I can assist with that. Just let me know what part you're struggling with and I'll guide you through it.
I can assist with that. Just let me know what part you're struggling with and I'll guide you through it.
I'm attempting to set up Arch Linux on my ASUS Chromebook C100P. The installation went through initially, but after a reboot via Ctrl+U, the Network Service and Load/Save RF Kill Switch failed repeatedly, causing endless attempts without success. I've enabled the debug shell for troubleshooting. Someone might have useful advice. The image quality is poor, but thanks for your assistance. I followed the installation guide you linked. My system runs Chrome OS 84.0.4147.136 on an Asus Chromebook Flip C100P with these specs: ARM Mali 760 GPU, 16GB SSD, and 10.1" display.
Ensure you have an arch USB drive and enter the chroot environment. From there, begin diagnosing issues.
You can find the USB file by checking your device downloads folder or the source website where you received it. Let me know if you need further help!
visit the arch website, choose a repository to download the image, flash it onto a USB stick, insert the drive, boot from it, use lsblk to list your block devices, pick the main drive where Arch was installed (adjust based on size), then run chroot /dev/sdX (replace sdX with your label) to enter installation mode and begin troubleshooting your network manager.

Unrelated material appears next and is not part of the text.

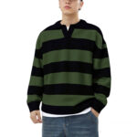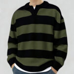 Men’s Casual Spring Autumn Everyday V-Neck Pullover Contrast-Color Striped Long-Sleeve Knit Sweater is designed for style, comfort, and everyday use.

Thank you for your input. It seems challenging to start from a USB on your Chromebook since it lacks standard BIOS support and no alternative BIOS was found. I've attempted various solutions online, but none resolved the issue. I've also tried using a custom ISO with the recovery tool, though results remain inconsistent. Please let me know if you'd like further assistance.
skip setting up the primary disk first, instead place it in a mount point such as mnt and then apply chroot there
Hey there, user from x64 and 86 Arch. I saw some strange looping failures earlier, but after checking a bit, it makes sense. When systemd set up multi-user, it usually forces systemd-networkd to run automatically on failure. That’s likely why you’re seeing this behavior. Unfortunately, unless systemd-networkd works properly, normal login will fail. But you can still access the rescue shell (systemd’s rescue.target), which doesn’t require networkd. You might also try enabling debug logs in systemd and manually starting systemd-networkd until you fix things. Once resolved, you should be able to return to a standard login. If you need help, refer to the Archlinux ARM documentation for troubleshooting tips.